Dom, ję­zyk – to są kon­krety. I mam wra­że­nie, że bar­dziej tego ta wojna do­ty­czy. Nie zga­dzam się z taką po­wszech­nie gło­szoną tezą, że tam Ukra­ińcy biją się za nas – bo oni się biją za sie­bie. To jest ich po­wód do dzia­ła­nia, a nie ja­kieś ogól­niki: obrona Eu­ropy i tym po­dobne. Acz­kol­wiek nie mamy się co dzi­wić, że cza­sem się po­słu­gują tą re­to­ryką, bo to jest też tra­dy­cyjny mo­tyw pol­skiej hi­sto­rio­gra­fii, my­śle­nia o sa­mych so­bie: że je­ste­śmy przed­mu­rzem i tak da­lej. Ukra­ińcy się bro­nią, biją się za sa­mych sie­bie, na­to­miast za­trzy­ma­nie Ro­sjan na tej li­nii, na któ­rej są te­raz, jest oczy­wi­ście rów­nież w na­szym in­te­re­sie. No i po­my­śla­łem so­bie, że je­śli mogę ja­koś uczy­nić coś po­ży­tecz­nego z mo­jej nie­za­słu­żo­nej po­pu­lar­no­ści, je­śli mogę ją prze­kuć na kon­kretne dzia­ła­nia – a kon­kret tych dzia­łań też się ja­koś wy­raża – to za­czą­łem zbie­rać pie­nią­dze. I już w tej chwili łącz­nie jest ja­kieś mi­lion czte­ry­sta ty­sięcy zło­tych, za które ku­puję sprzęt i go do­wożę. Dla mnie to ważne, że do­wożę go bez­po­śred­nio do żoł­nie­rzy, Ukra­ina to kraj prze­żarty ko­rup­cją, więc wolę, żeby te rze­czy do­cie­rały ode mnie pro­sto do rąk wła­snych od­bior­ców. Cała ta sy­tu­acja, w któ­rej lu­dzie chcą wpła­cać mi pie­nią­dze, opiera się na ja­kimś za­ufa­niu, rę­czę za to swoim do­brym imie­niem, czuję się oczy­wi­ście zo­bo­wią­zany wo­bec tych, któ­rzy te pie­nią­dze wpła­cają, aby rze­czy te do­star­czyć wła­śnie do rąk wła­snych. Wła­ści­wie nie chcę uży­wać tu­taj ka­te­go­rii obo­wiązku, bo to nie jest obo­wią­zek. Obo­wiązki czło­wiek ma ra­czej wo­bec wła­snego pań­stwa, tak uwa­żam, ale nie chciał­bym do końca ży­cia żyć z my­ślą, że kiedy na­le­żało coś zro­bić, ja nie zro­bi­łem nic. I to jest może na­wet ego­istyczne tak na­prawdę, na sa­mym końcu, ale tak mi się wy­daje. To jest pierw­szy po­wód, dla któ­rego to ro­bię. Drugi jest zaś taki, że wojna za­wsze była moim te­ma­tem. Z po­wo­dów ro­dzin­nych. Z tego po­wodu, że wo­jenne do­świad­cze­nie po­ko­le­nia mo­ich dziad­ków było for­ma­cyjne dla nich: i dla męż­czyzn, i dla ko­biet. Mó­wię o po­ko­le­niu lu­dzi uro­dzo­nych gdzieś w oko­li­cach roku 1920, jesz­cze jako oby­wa­teli nie­miec­kich. My­śmy byli wy­cho­wy­wani w cie­niu tej wojny. To był te­mat...
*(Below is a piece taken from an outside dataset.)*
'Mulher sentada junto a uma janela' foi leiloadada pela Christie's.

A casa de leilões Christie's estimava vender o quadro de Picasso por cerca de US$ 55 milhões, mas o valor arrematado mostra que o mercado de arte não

Prze­pra­szam, że wcho­dzę w słowo, ale to jest dla mnie też cie­kawy wą­tek po­ko­le­niowy, w in­nym aspek­cie. Mówi pan, że był pan wy­cho­wy­wany w cie­niu tej, czyli dru­giej wojny świa­to­wej, choć uro­dził się pan w roku 1979, czyli czter­dzie­ści lat po jej wy­bu­chu, a trzy­dzie­ści cztery lata po jej za­koń­cze­niu. Mam wra­że­nie, że kiedy był pan chłop­cem, to już nie byli tak po­pu­larni na­wet Ja­nek Kos i Czte­rej pan­cerni i pies czy ka­pi­tan Kloss...
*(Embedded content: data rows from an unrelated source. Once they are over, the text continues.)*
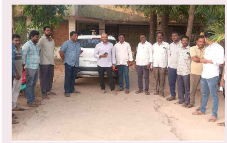
స్వర్ణ సాగరం (నాయుడుపేట) మే 4.
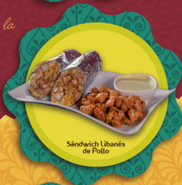
Sándwich Libanés de Pollo

El sándwich tradicional viene con Hummus y tahina, ensalada árabe y papas a la francesa envuelto en el pan árabe. Puede ordenar el sándwich a su gusto, informe si desea realizar cambio de ensalada o papas
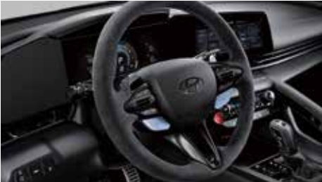
알칸타라 스티어링 휠
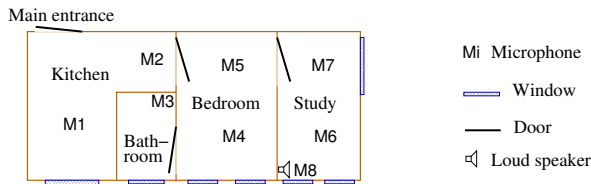
FIGURE 2 – Position des microphones dans l'appartement domus

Dans cette étude les ordres domotiques ont été définis en utilisant une grammaire (Figure 1). Nos précédentes études ont montré que les utilisateurs préfèrent des phrases courtes à des phrases plus longues (et naturelles) pour piloter leur environnement (Portet et al. , ress ). Chaque ordre est classifié dans une des catégories suivantes : commande initiale, commande d'arrêt, appel de détresse. A l'exception des appels de détresse, toutes les commandes commencent par un mot clef permettant de lever l'ambiguïté sur les phrases prononcées. Dans nos expériences, le mot clef est Nestor (qui représente l'entité intelligente de l'habitat) :

W la­tach osiem­dzie­sią­tych chyba jesz­cze był.

Ale to już była scho­dząca, po­wie­dział­bym, for­ma­cja pa­mięci. W każ­dym ra­zie wy­daje mi się, że druga wojna świa­towa była już chyba mniej waż­nym ukła­dem od­nie­sie­nia dla chłop­ców lat osiem­dzie­sią­tych czy po­czątku lat dzie­więć­dzie­sią­tych, niż była, po­wiedzmy, w la­tach sześć­dzie­sią­tych czy zwłasz­cza pięć­dzie­sią­tych.
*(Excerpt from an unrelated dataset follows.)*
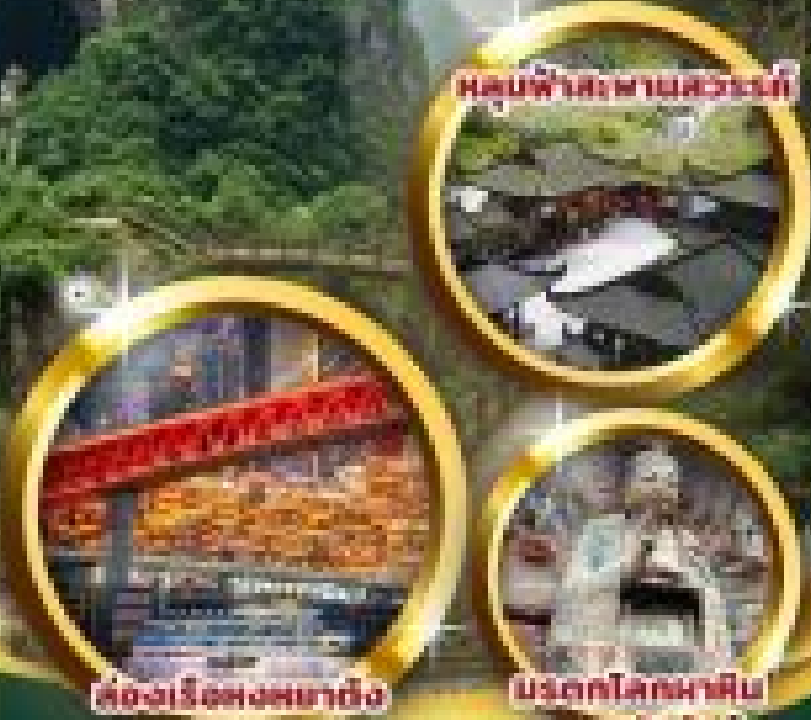
มนต์ฟ้าแดนสวรรค์

เปิดตำนาน "มนต์ฟ้าแดนสวรรค์" เมืองมรดกโลกแห่งมหานทีฉาง เมืองมรดกโลก "ฉ่าจู้แดนสวรรค์" และเมืองมรดกโลกแห่งมหานทีฉาง เมืองมรดกโลกแห่งมหานทีฉาง เมืองมรดกโลกแห่งมหานทีฉาง

Ja tego nie po­tra­fię oce­nić oczy­wi­ście, po­nie­waż mnie wtedy nie było, ale na pewno ma pan ra­cję. Po­tworną kon­sta­ta­cją jest dla mnie to, że od końca dru­giej wojny świa­to­wej do mo­ich uro­dzin upły­nęło mniej czasu niż od mo­ich uro­dzin do dziś... Nie mó­wię, nie chcę z tego ro­bić żad­nej mak­symy czy ja­kie­goś świa­dec­twa cza­sów czy po­ko­le­nia, mó­wię tylko o mo­jej oso­bi­stej sy­tu­acji ro­dzin­nej, w któ­rej ta na­sza hi­sto­ria dru­go­wo­jenna... Prze­pra­szam, wpa­dam w dy­gre­sję, pro­szę mi prze­ry­wać.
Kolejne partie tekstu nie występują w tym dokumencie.